Try every possible combination of choices. With n items each having two states (include/exclude), the search space is 2ⁿ. Evaluating each combination takes O(n), giving O(n × 2ⁿ). The recursion stack or subset storage uses O(n) space.
Greedy algorithms typically sort the input (O(n log n)) then make a single pass (O(n)). The sort dominates. If the input is already sorted or the greedy choice can be computed without sorting, time drops to O(n). Proving greedy correctness (exchange argument) is harder than the implementation.

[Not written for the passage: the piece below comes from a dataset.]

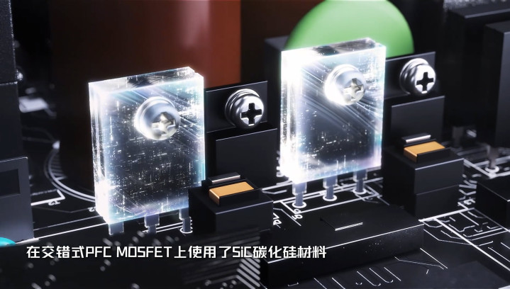 微星MEG Ai1600T PCIE5电源最引人瞩目的亮点,便是其顶尖的硬件配置和创新技术,其中AI碳化硅(SiC)MOSFET技术的应用,更是让这款电源的性能实现了质的飞跃。与传统MOSFET相比,碳化硅MOSFET具有耐高温、低损耗、高效率的优势,这款电源首度将伺服器级别的碳化硅材料应用于交错式PFC MOSFET中,有效增强了电源的稳定性,提升了整体转换效率,减少了电能损耗,同时优化了散热效果,让电源在高负载运行时依旧能保持稳定性能。

Review these before coding to avoid predictable interview regressions.
Wrong move: Loop endpoints miss first/last candidate.
Usually fails on: Fails on minimal arrays and exact-boundary answers.
Fix: Re-derive loops from inclusive/exclusive ranges before coding.
Wrong move: Locally optimal choices may fail globally.
Usually fails on: Counterexamples appear on crafted input orderings.
Fix: Verify with exchange argument or monotonic objective before committing.